Yes $ (x_n) _n $, $ (y_n) _n $ converge monotonously to $ x $ Y $ and $ respectively, and $ (w_n) _n $, $ (z_n) _n $ converge monotonously to $ w $ Y $ z $ respectively, then I want to show $ (x_n, y_n) succeq (w_n, z_n) implies (x, y) succeq (w, z) $.

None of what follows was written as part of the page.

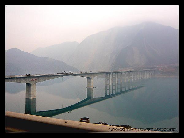 紫坪铺大坝后面。平静的水面把斑驳的山体显得甚是狰狞,想象当时的崩塌一定惊天动地。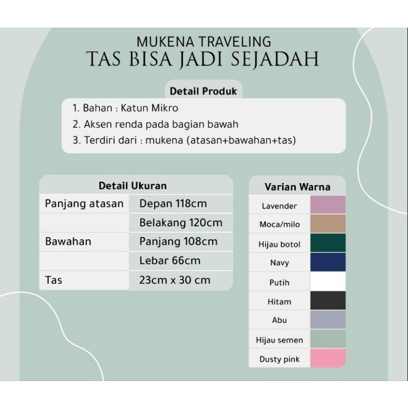 Full Set Sejadah + Mukena Katun Dewasa Premium Daily 2in1

To me, the problem seems quite trivial by definition and my test is as follows:

Denote the set $ A: = $ {$ (x, y, w, z) in X times X times X times X: (x, y) succeq (w, z) $} and choose a sequence of points in it (keep in mind that whenever $ X $ is metrizable $ A $ retains all the "good" properties of $ X $), that is to choose $ (x_n, y_n, w_n, z_n) _n in A ^ { mathbb {N}} $ converging monotonously to $ (x, y, w, z) $that is to say

$ (x_n) _n rightarrow x $, $ (y_n) _n rightarrow and $, $ (w_n) _n rightarrow w $, $ (z_n) _n rightarrow z $. So I want to show that $ (x, y, w, z) in A $. While $ A $ It is closed (of course) the conclusion follows. Am I missing something? It seems very easy. Besides, it seems to me that I don't even need the "monotonic" convergence of the sequence. Thank you!